▶ Required action
What you give back from the listing below should be an exact copy of the lines from the one with "This stylish 1920s/1930s" down to the one with "Personalised Shortsleeve Baby", and it should contain no pictures.

▶ Provided entries
== Segment start ==

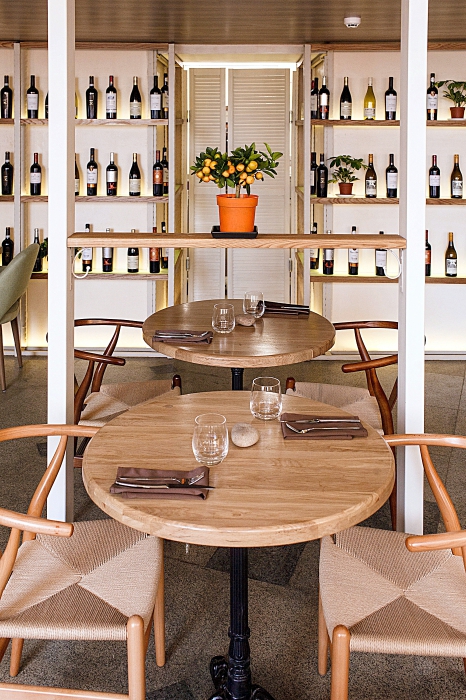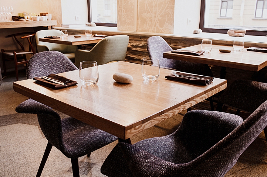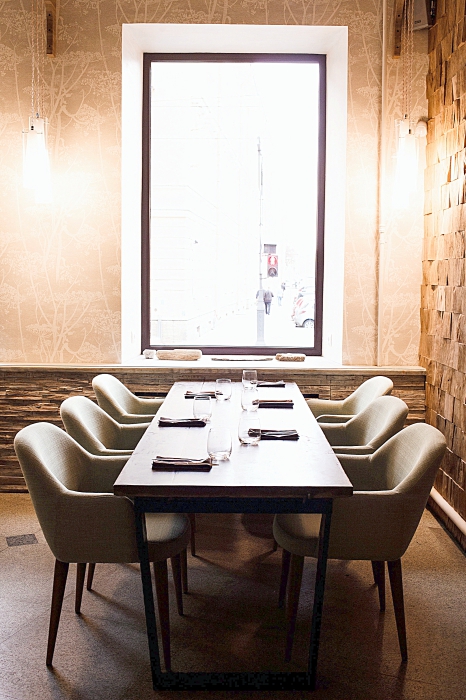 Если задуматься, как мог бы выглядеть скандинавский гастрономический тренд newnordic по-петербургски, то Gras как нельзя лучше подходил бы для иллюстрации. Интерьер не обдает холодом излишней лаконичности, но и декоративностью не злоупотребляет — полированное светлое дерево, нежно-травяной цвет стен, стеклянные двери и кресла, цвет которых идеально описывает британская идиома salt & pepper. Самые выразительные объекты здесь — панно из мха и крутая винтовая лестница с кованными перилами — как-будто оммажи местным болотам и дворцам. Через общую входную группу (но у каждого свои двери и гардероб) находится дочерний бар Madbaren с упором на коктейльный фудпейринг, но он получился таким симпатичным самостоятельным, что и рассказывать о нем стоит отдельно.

== Segment end ==
== Segment start ==

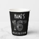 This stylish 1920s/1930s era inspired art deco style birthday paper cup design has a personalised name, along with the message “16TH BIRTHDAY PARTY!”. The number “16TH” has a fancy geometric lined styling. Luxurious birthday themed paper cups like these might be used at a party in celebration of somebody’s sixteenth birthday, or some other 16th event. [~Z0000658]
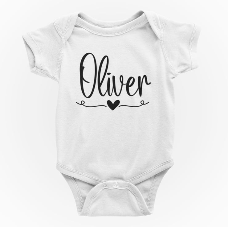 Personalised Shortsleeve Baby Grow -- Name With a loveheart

== Segment end ==

▶ Response box
 This stylish 1920s/1930s era inspired art deco style birthday paper cup design has a personalised name, along with the message “16TH BIRTHDAY PARTY!”. The number “16TH” has a fancy geometric lined styling. Luxurious birthday themed paper cups like these might be used at a party in celebration of somebody’s sixteenth birthday, or some other 16th event. [~Z0000658]
 Personalised Shortsleeve Baby Grow -- Name With a loveheart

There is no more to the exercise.